Uploaded by songable01

New Fed Monetary Policy

advertisement
Overview of Recent Changes to Federal Reserve Monetary Policy
Note to students: In recent years there have been some very significant changes to the way in which the Fed
approaches monetary policy. A summary of those changes is presented below. As you'll see, our text needs some
updating.
The 2008 Financial Crisis, COVID-19, and a realization on the part of the Fed that they have a responsibility to
address not just average unemployment but also the much higher unemployment rates for minorities have all
contributed to these changes.
Please see the following links for further reading:
https://www.stlouisfed.org/on-the-economy/2020/october/key-elements-fed-monetary-policy-strategy
https://www.bloomberg.com/news/articles/2021-06-26/why-the-fed-has-a-new-framework-and-why-it-mattersquicktake (this last link is only available if you have a Bloomberg News subscription)
The main objectives of the Fed are to promote price stability (i.e., control inflation) and full
employment. The Fed uses contractionary and expansionary policy to achieve these two
objectives.
Contractionary policy aims at raising interest rates which helps put the brakes on inflation and
an overheated economy. This has the downside of risking putting the economy into recession
and increasing unemployment.
Expansionary policy aims at keeping interest rates low which should reduce unemployment but
risks promoting inflation.
In recent years the Fed has made some significant changes in the way it pursues its
contractionary and expansionary policies. In the past, changes to the Fed Funds Rate and bank
reserve requirements along with the actions of the Federal Open Market Committee (FOMC)
were the Fed’s main tools to achieve their set targets for inflation and unemployment.
A lot of that has now change. To begin as of March 2020 the Fed reduced reserve requirements
to zero (link). The reason is that since the Financial Crisis in 2008 the Fed has been paying banks
to hold money in reserve and as a result reserve balances at the Fed are already
enormous. This, in turn, has fundamentally changed how the Fed conducts monetary policy.
In brief:
1) The Fed now in effect sets short term rates through the rate they pay banks on excess
reserves (i.e., all reserves at this point). This is called the Interest on Excess Reserves (IOER)
rate.
2) The Fed no longer uses Open Market Operations to influence interest rates because their
balance sheet is so large (because of 1 above) that open market operations would be too small
to have any effect on rates. Paying banks to hold money in reserve is a much more direct way
to influence interest rates. The IOER in effect sets a floor on interest rates since banks are
unlikely to want to lend at a rate lower than what they can earn by holding money at the Fed.

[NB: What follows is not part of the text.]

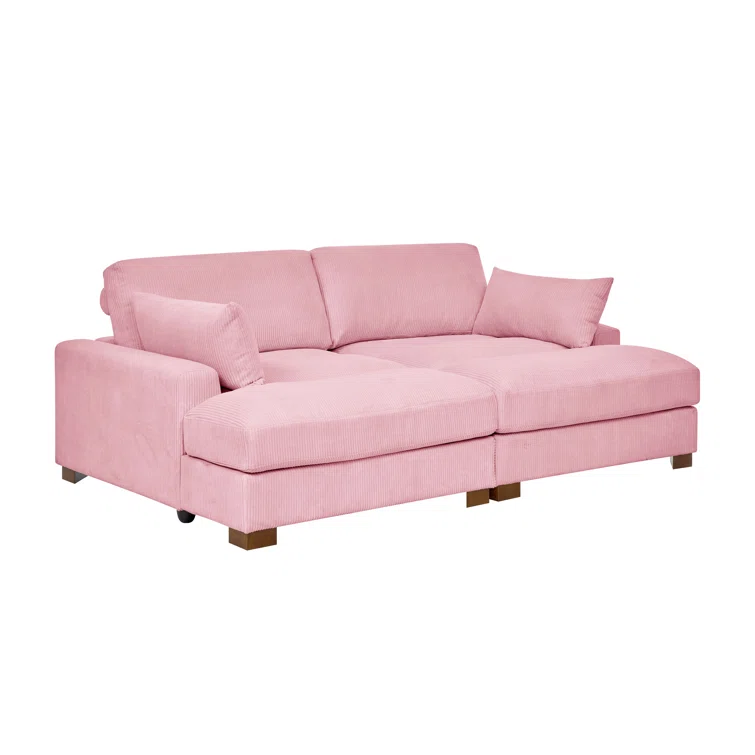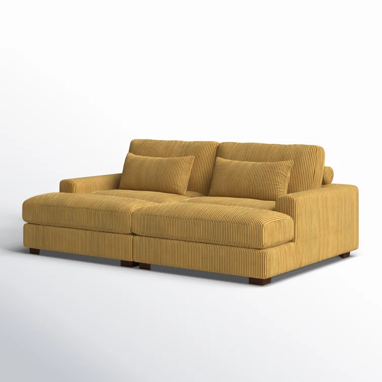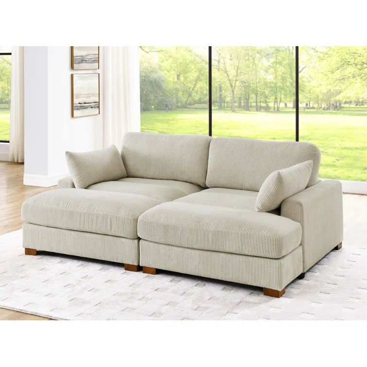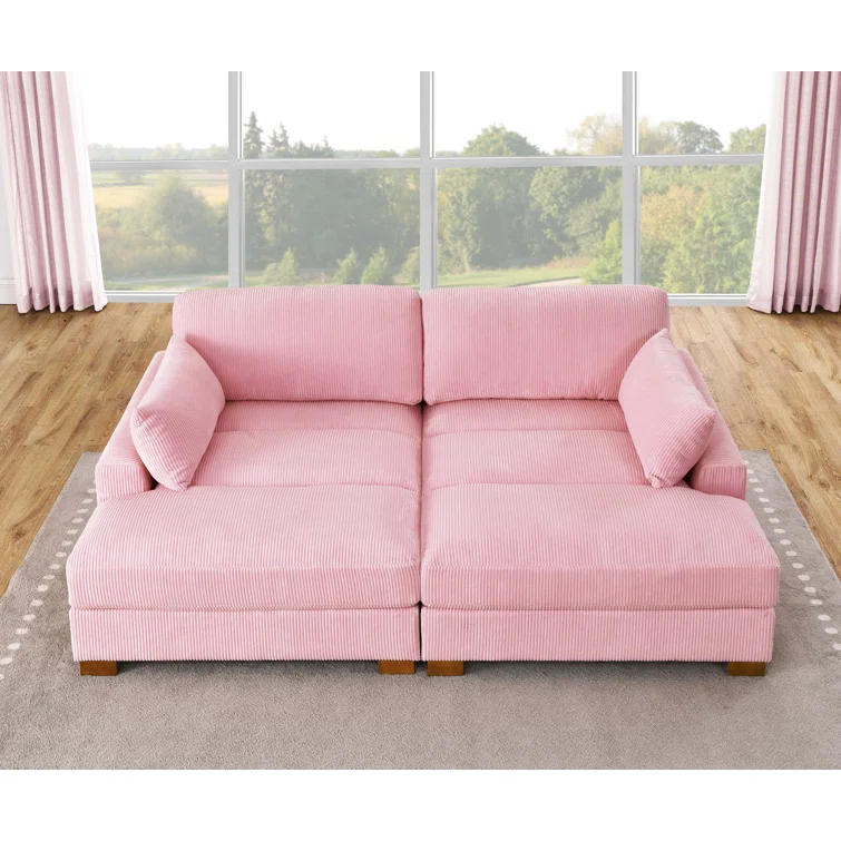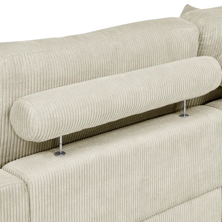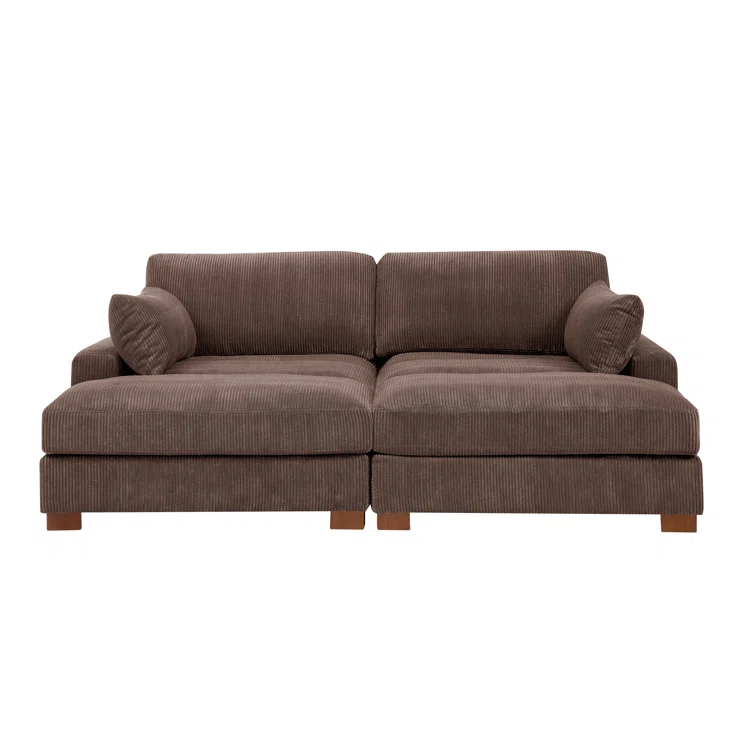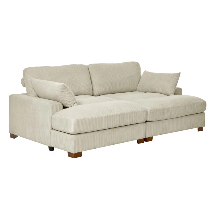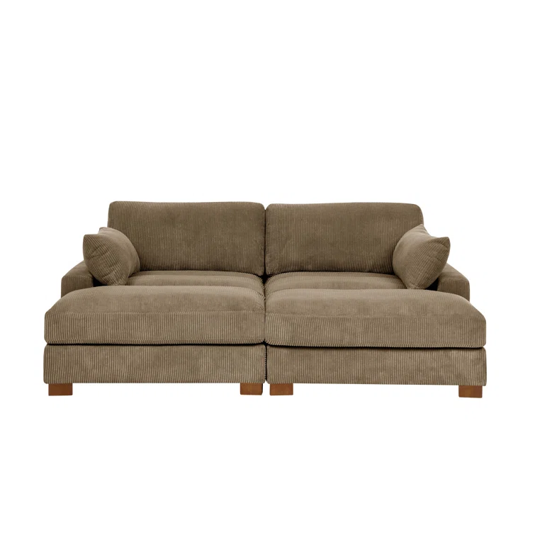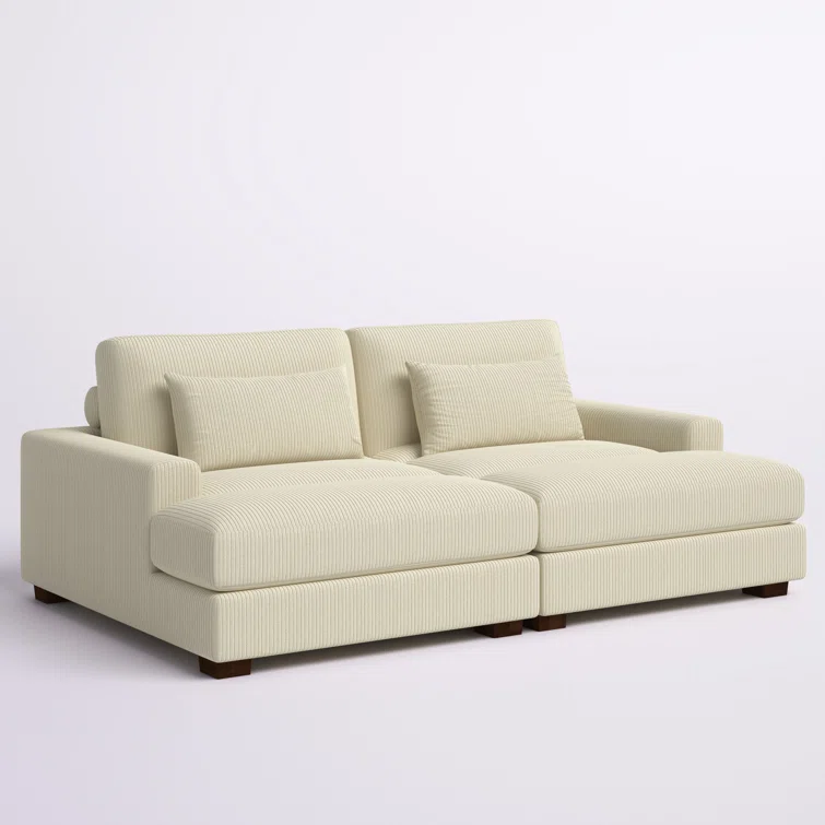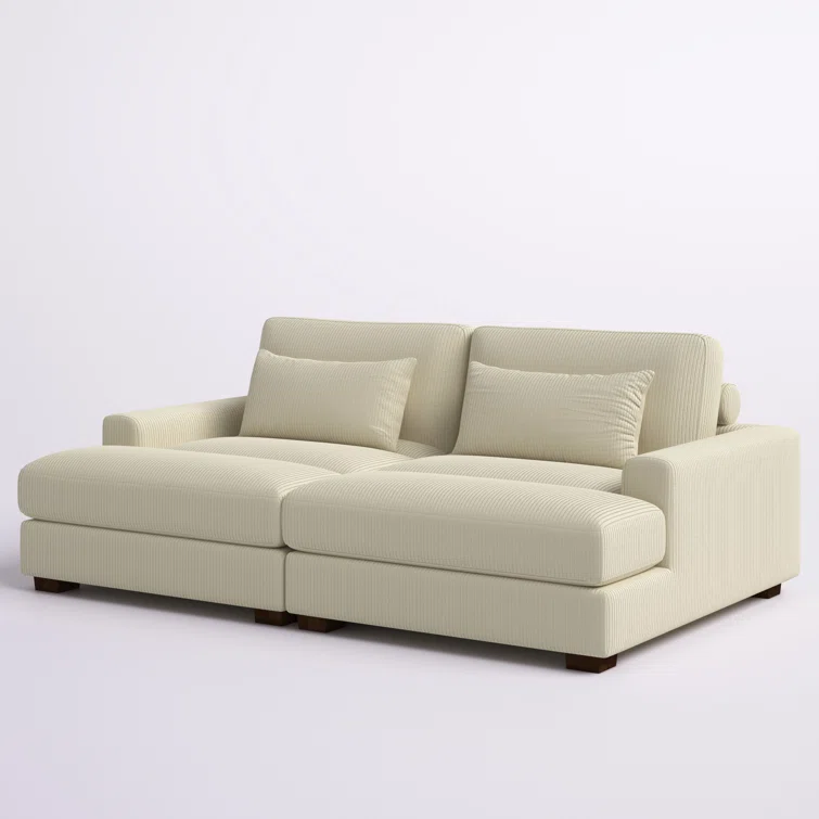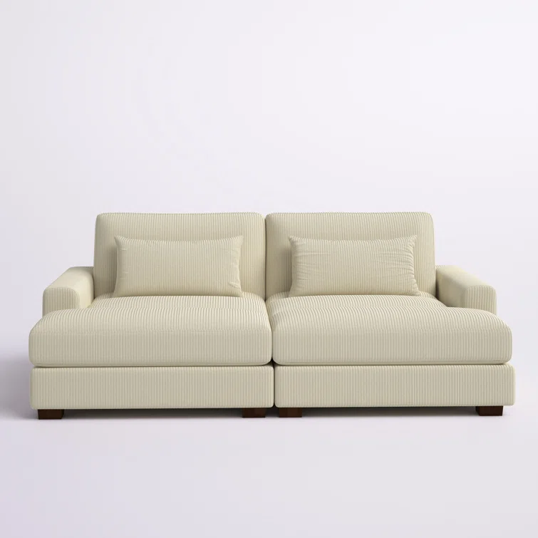 This convertible sofa brings spare sleeping space and glam style to your living room. Designed to seat two as a couch, it converts into a twin-sized bed that's just right for overnight guests. It's crafted with an engineered wood frame, and it sits on solid wood block feet with a brown finish. This sofa is wrapped in corduroy upholstery in a neutral hue, and its cushions are filled with foam and supported by coil springs to help prevent sagging over time. This sleeper sofa features square arms, a cushion back, and includes two toss pillows for an instantly curated look.

Here's a good link explaining the new system. https://www.frbsf.org/economicresearch/publications/economic-letter/2019/june/why-is-fed-balance-sheet-still-so-big/
Note also that in August 2020 the Fed changed how it sets policy targets for inflation and
unemployment. Prior to this change the Fed was pursuing a target rate of 2% for inflation and
roughly 4% for unemployment.
In brief:
1) The Fed is now pursuing an “average 2% rate” for inflation which means they will allow
inflation to overshoot their target of 2% in times of recovery, and
2) Rather than settling for their previous target of average full employment for the whole
economy they will allow average unemployment to continue to fall so long as inflation
remains low. This is intended to redefine full employment as a “broad based and inclusive
goal” that includes the generally much higher unemployment rates for Blacks and Hispanics.
The new policy seeks to use monetary policy to directly address these inequalities.